What is expected:
Copy out all the lines of the data precisely, omitting any pictures.

Dataset extract:

--- --- ---

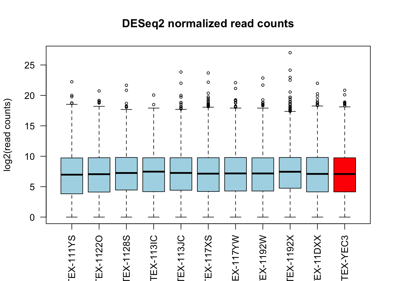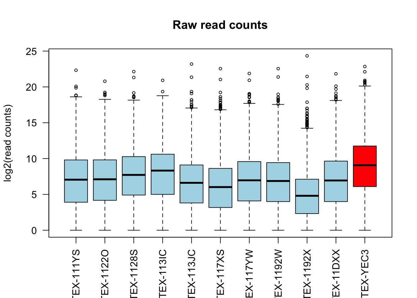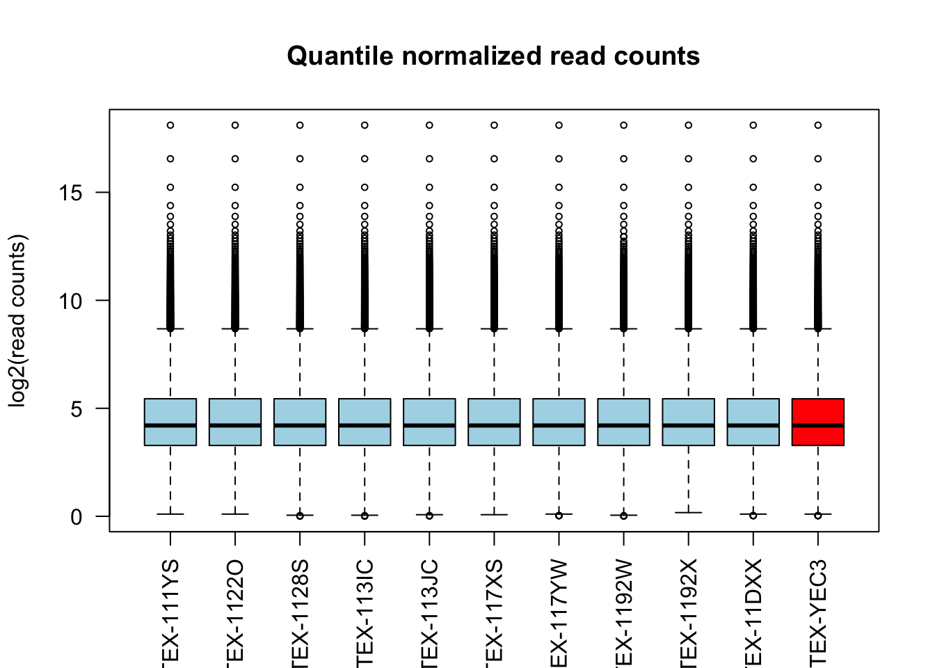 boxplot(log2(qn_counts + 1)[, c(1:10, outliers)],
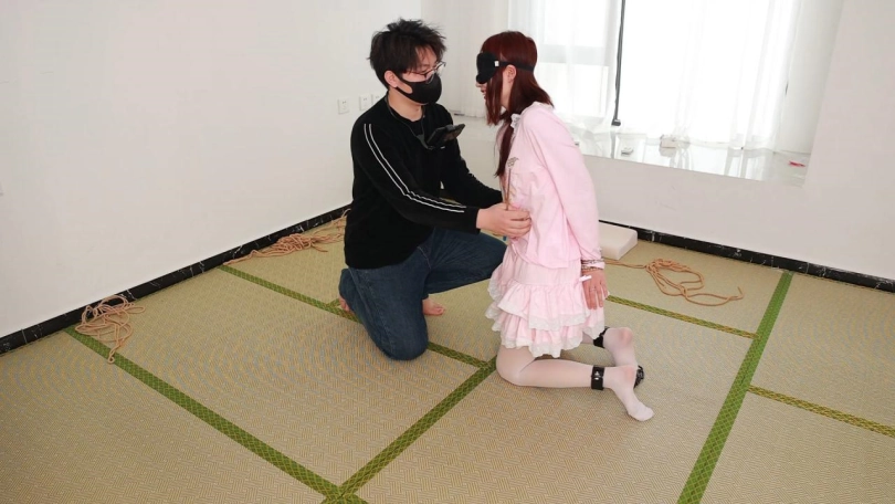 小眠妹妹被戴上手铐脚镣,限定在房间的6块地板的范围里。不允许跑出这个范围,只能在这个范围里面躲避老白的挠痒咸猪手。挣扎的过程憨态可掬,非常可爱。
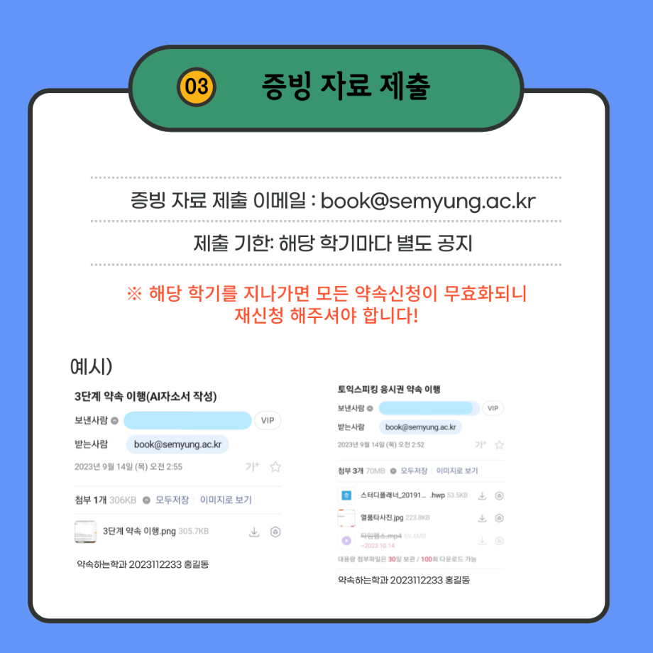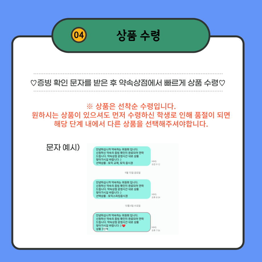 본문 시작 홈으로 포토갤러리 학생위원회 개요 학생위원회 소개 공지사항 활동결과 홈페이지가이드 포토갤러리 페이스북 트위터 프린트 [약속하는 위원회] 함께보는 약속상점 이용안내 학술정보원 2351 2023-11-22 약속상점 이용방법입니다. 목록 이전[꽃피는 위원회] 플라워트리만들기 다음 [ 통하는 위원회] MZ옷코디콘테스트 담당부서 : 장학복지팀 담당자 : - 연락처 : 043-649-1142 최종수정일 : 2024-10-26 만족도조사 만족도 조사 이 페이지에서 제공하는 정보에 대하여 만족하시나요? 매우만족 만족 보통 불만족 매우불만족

--- --- ---

Solution to this problem:
 boxplot(log2(qn_counts + 1)[, c(1:10, outliers)],
 小眠妹妹被戴上手铐脚镣,限定在房间的6块地板的范围里。不允许跑出这个范围,只能在这个范围里面躲避老白的挠痒咸猪手。挣扎的过程憨态可掬,非常可爱。
 본문 시작 홈으로 포토갤러리 학생위원회 개요 학생위원회 소개 공지사항 활동결과 홈페이지가이드 포토갤러리 페이스북 트위터 프린트 [약속하는 위원회] 함께보는 약속상점 이용안내 학술정보원 2351 2023-11-22 약속상점 이용방법입니다. 목록 이전[꽃피는 위원회] 플라워트리만들기 다음 [ 통하는 위원회] MZ옷코디콘테스트 담당부서 : 장학복지팀 담당자 : - 연락처 : 043-649-1142 최종수정일 : 2024-10-26 만족도조사 만족도 조사 이 페이지에서 제공하는 정보에 대하여 만족하시나요? 매우만족 만족 보통 불만족 매우불만족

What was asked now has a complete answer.